August 8, 2008
After Years of Fast Growth, Online Travel Agencies Brace for a Slowdown
By Kyle Peterson
Online travel agencies, after growing rapidly for years, could face a slump in bookings later this year when U.S. airlines start reducing the number of tickets for sale.
All three publicly traded U.S. online travel agencies - Expedia, Orbitz Worldwide and Priceline.com - have warned that downsizing efforts by carriers could hurt other travel businesses.
None predicted a specific impact on their industry, but at least one expert said the implication was clear.
"We expect it to hurt" online travel agencies "because it could lead to higher air pricing, which could deter travel," said Marianne Wolk, an analyst at Susquehanna Financial Group.
Cuts in capacity are certain to put a crimp in U.S. air travel sales, she said, adding, "there should be a secondary negative impact on travel over all."
The trouble stems from a crisis in the airline industry resulting from soaring fuel prices that have not been completely offset by higher ticket prices, which has led to steep quarterly losses for carriers.
Major airlines like American Airlines and United Airlines have responded by downsizing in an effort to reduce their spending and generate higher fares.
American has promised to shrink its U.S. capacity by up to 12 percent in the fourth quarter, while United has said it will cut its fourth-quarter mainline capacity by up to 16.5 percent.
Airlines also have angered travelers by introducing fees for items and services like in-flight refreshments, baggage checks and even pillows that once were complimentary.

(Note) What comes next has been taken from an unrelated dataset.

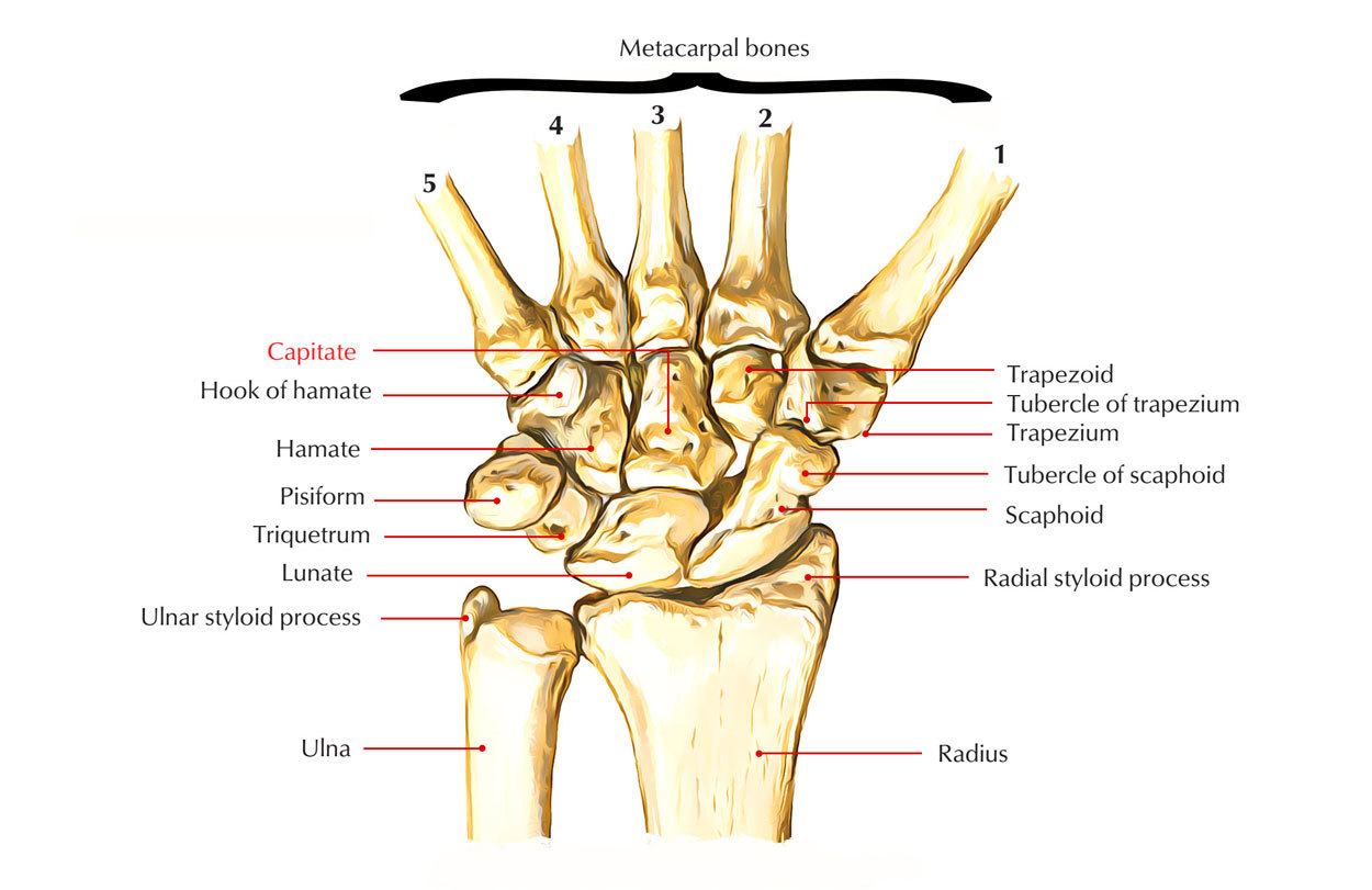 This is the largest of the carpal bones. It is centrally placed with a rounded head set into the cavities of the lunate and scaphoid bones. Flatter articular surfaces are present for the hamate medially and the trapezoid laterally. Distally the bone articulates predominantly with the middle metacarpal.

But it is not just passengers who will share the pain. The entire travel industry will feel the effects, online travel leaders say.
"We would expect the capacity cuts coming up in Q3 and Q4 to continue to push air fares higher, putting ongoing pressure on ticket volumes," Mike Adler, chief financial officer at Expedia, said during a conference call in July.

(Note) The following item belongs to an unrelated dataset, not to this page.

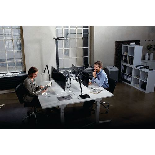 Lámpara de escritorio con LED de diseño muy fino, con elegante brazo articulado de aluminio de 2 elementos y paso de cables invisible. Base en pinza. Potencia de 4000K
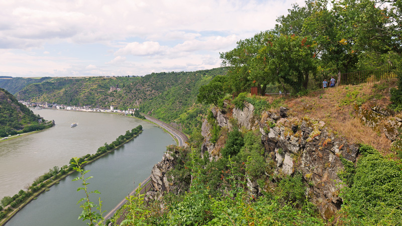 Ombordstigning kl. 14.00. Kl. 15.00 seiler skipet sørover langs Rhinen, forbi Boppard, og inn i UNESCOs verdensarvliste - Øvre mellomrhindalen, til St. Goar. Ruinene av Rheinfels slott ligger over den lille byen. På den andre siden av Rhinen ligger de to slottene Katz og Maus (Katt og Mus). Litt lenger oppstrøms ligger den berømte Loreley-klippen, hvor, ifølge legenden, den vakre Loreley med sitt lange blonde hår fortryllet Rhinens båtmenn med sin sang og drev dem til deres undergang.

Jerry Boyd, chief executive of Priceline, said during a conference call this week, "As most publicly traded travel companies have reported, economic uncertainty and high fuel prices are affecting the broad travel market, and significant airline capacity reductions in the fall will also have a negative impact."
Wolk, the Susquehanna analyst, said the best defense against weakness in U.S. air travel bookings was to diversify operations.
U.S. travel companies that have operations across Europe and Asia, for example, are better insulated against trauma in the domestic market.
She added that Orbitz had a higher dependence on the U.S. market than Expedia and Priceline, saying that 80 percent of Orbitz's business was derived from domestic air bookings.
Expedia and Priceline each reported a net profit for the second quarter as well as growth in U.S. bookings. Orbitz, on the other hand, posted a quarterly net loss of $5 million on Wednesday and said its domestic bookings dipped 1 percent.
Orbitz's chief executive, Steve Barnhart, acknowledged that the company leaned heavily on U.S. air bookings.
But he said only 21 percent of Orbitz's revenue was driven by domestic leisure bookings.
Leisure routes will see more capacity cuts and fare increases than routes frequented by well-heeled business travelers, he said.
"I think the broader point is that the actual revenue we get from the markets that are being impacted by these capacity cuts is relatively modest compared with our overall business size," Barnhart said during an interview.
He said the company was diversifying its businesses further by beefing up its revenue from advertising and international bookings.
Barnhart said no one knew exactly how the capacity cuts by airlines would affect online travel agencies.
Travelers may decide to drive instead of fly, or they may try to find online bargains in lodging and entertainment to offset the higher air fares.
"How it flows through will depend a lot on how consumers will react," Barnhart said.
"Clearly there has to be some downward pressure on travel."